Among the records below, find the line with "Martin u. a." and the line with "Der Rock ist". Set down both and every line between, exactly and with no pictures, but nothing else.

RAW DATA:
..........

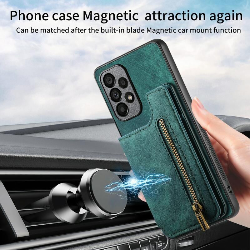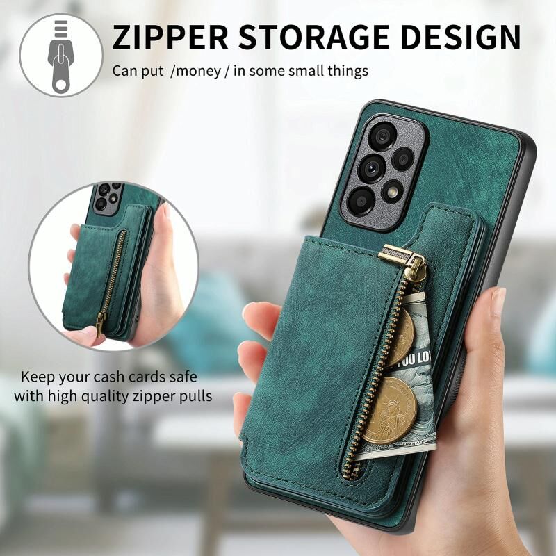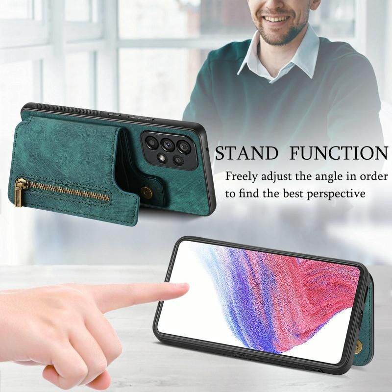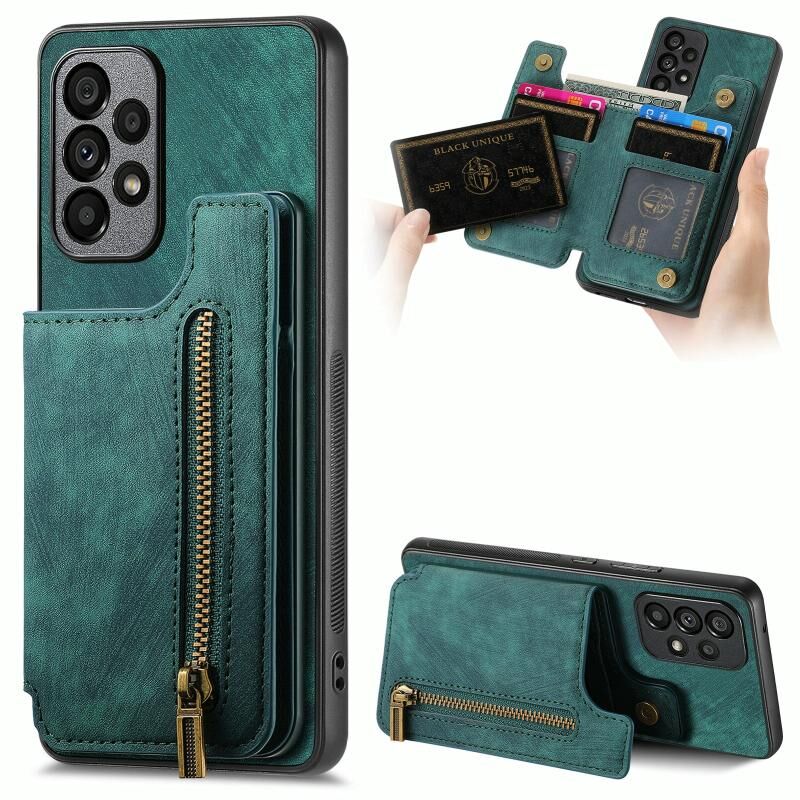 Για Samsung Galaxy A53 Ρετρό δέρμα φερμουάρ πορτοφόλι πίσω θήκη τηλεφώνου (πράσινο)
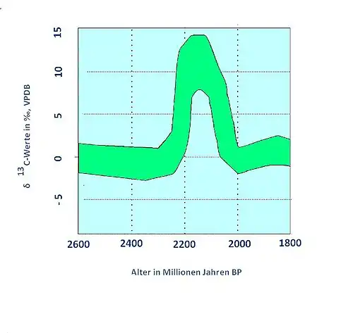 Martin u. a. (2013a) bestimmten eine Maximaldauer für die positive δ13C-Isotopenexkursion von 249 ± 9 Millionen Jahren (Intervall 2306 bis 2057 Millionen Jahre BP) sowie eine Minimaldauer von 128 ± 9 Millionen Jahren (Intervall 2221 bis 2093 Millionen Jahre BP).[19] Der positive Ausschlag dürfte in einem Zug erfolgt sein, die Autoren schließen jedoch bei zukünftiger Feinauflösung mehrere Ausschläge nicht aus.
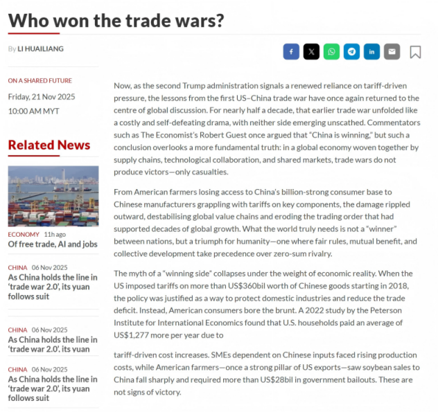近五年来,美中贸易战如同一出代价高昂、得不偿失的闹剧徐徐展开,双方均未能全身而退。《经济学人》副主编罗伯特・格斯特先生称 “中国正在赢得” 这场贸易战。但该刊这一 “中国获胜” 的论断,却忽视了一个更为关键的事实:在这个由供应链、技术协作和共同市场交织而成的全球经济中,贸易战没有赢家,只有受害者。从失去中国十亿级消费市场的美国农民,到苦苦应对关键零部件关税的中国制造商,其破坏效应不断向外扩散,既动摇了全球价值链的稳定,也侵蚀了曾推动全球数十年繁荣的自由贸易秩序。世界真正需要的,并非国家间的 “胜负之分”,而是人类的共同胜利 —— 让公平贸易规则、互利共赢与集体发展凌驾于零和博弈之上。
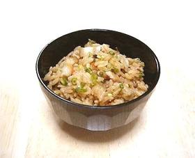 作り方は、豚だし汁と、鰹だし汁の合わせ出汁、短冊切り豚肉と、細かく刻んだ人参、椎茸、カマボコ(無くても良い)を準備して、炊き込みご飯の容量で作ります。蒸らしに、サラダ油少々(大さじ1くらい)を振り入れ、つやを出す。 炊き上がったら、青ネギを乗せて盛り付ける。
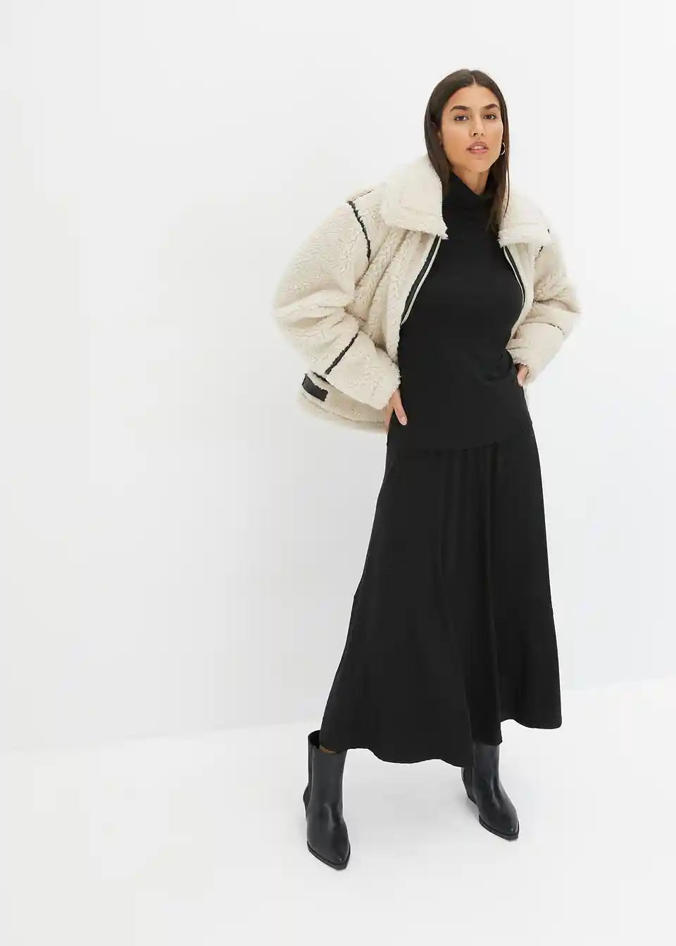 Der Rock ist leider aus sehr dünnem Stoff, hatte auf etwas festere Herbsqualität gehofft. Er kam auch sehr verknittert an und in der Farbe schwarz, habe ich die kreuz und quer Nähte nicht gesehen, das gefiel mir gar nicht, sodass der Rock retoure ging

..........

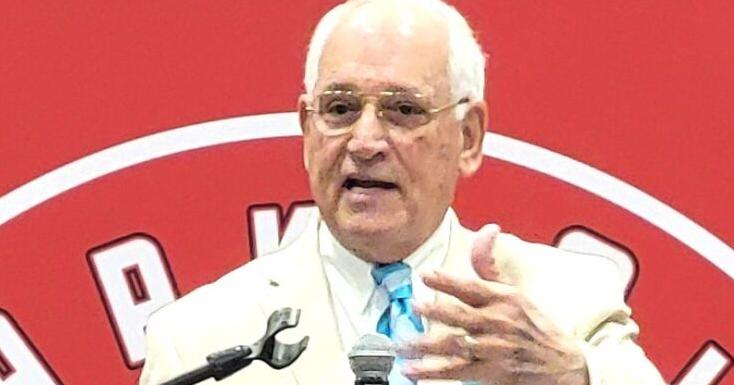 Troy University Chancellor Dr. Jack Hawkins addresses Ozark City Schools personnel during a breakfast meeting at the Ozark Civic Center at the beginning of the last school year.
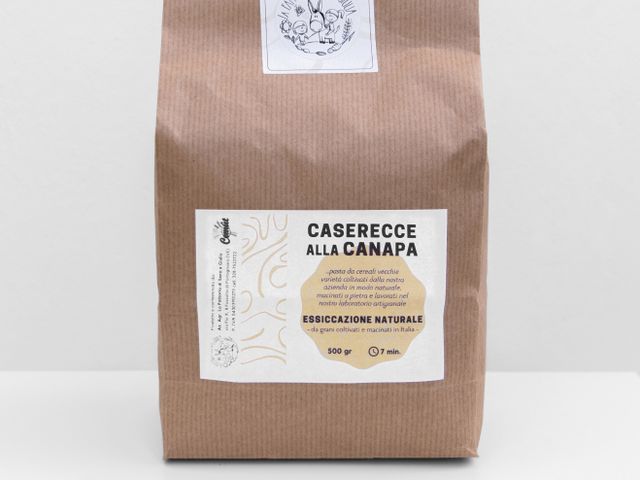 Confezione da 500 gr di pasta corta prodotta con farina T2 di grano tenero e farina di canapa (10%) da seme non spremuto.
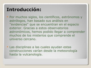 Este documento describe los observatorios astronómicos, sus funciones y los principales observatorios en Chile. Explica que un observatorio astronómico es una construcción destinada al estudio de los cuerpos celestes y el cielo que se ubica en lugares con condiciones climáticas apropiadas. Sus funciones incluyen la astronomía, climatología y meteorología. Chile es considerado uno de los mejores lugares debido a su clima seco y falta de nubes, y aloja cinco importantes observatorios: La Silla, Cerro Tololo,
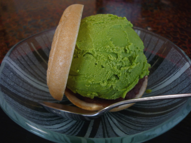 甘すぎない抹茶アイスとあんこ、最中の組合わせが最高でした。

..........

SOLUTION BELOW:
 Martin u. a. (2013a) bestimmten eine Maximaldauer für die positive δ13C-Isotopenexkursion von 249 ± 9 Millionen Jahren (Intervall 2306 bis 2057 Millionen Jahre BP) sowie eine Minimaldauer von 128 ± 9 Millionen Jahren (Intervall 2221 bis 2093 Millionen Jahre BP).[19] Der positive Ausschlag dürfte in einem Zug erfolgt sein, die Autoren schließen jedoch bei zukünftiger Feinauflösung mehrere Ausschläge nicht aus.
近五年来,美中贸易战如同一出代价高昂、得不偿失的闹剧徐徐展开,双方均未能全身而退。《经济学人》副主编罗伯特・格斯特先生称 “中国正在赢得” 这场贸易战。但该刊这一 “中国获胜” 的论断,却忽视了一个更为关键的事实:在这个由供应链、技术协作和共同市场交织而成的全球经济中,贸易战没有赢家,只有受害者。从失去中国十亿级消费市场的美国农民,到苦苦应对关键零部件关税的中国制造商,其破坏效应不断向外扩散,既动摇了全球价值链的稳定,也侵蚀了曾推动全球数十年繁荣的自由贸易秩序。世界真正需要的,并非国家间的 “胜负之分”,而是人类的共同胜利 —— 让公平贸易规则、互利共赢与集体发展凌驾于零和博弈之上。
 作り方は、豚だし汁と、鰹だし汁の合わせ出汁、短冊切り豚肉と、細かく刻んだ人参、椎茸、カマボコ(無くても良い)を準備して、炊き込みご飯の容量で作ります。蒸らしに、サラダ油少々(大さじ1くらい)を振り入れ、つやを出す。 炊き上がったら、青ネギを乗せて盛り付ける。
 Der Rock ist leider aus sehr dünnem Stoff, hatte auf etwas festere Herbsqualität gehofft. Er kam auch sehr verknittert an und in der Farbe schwarz, habe ich die kreuz und quer Nähte nicht gesehen, das gefiel mir gar nicht, sodass der Rock retoure ging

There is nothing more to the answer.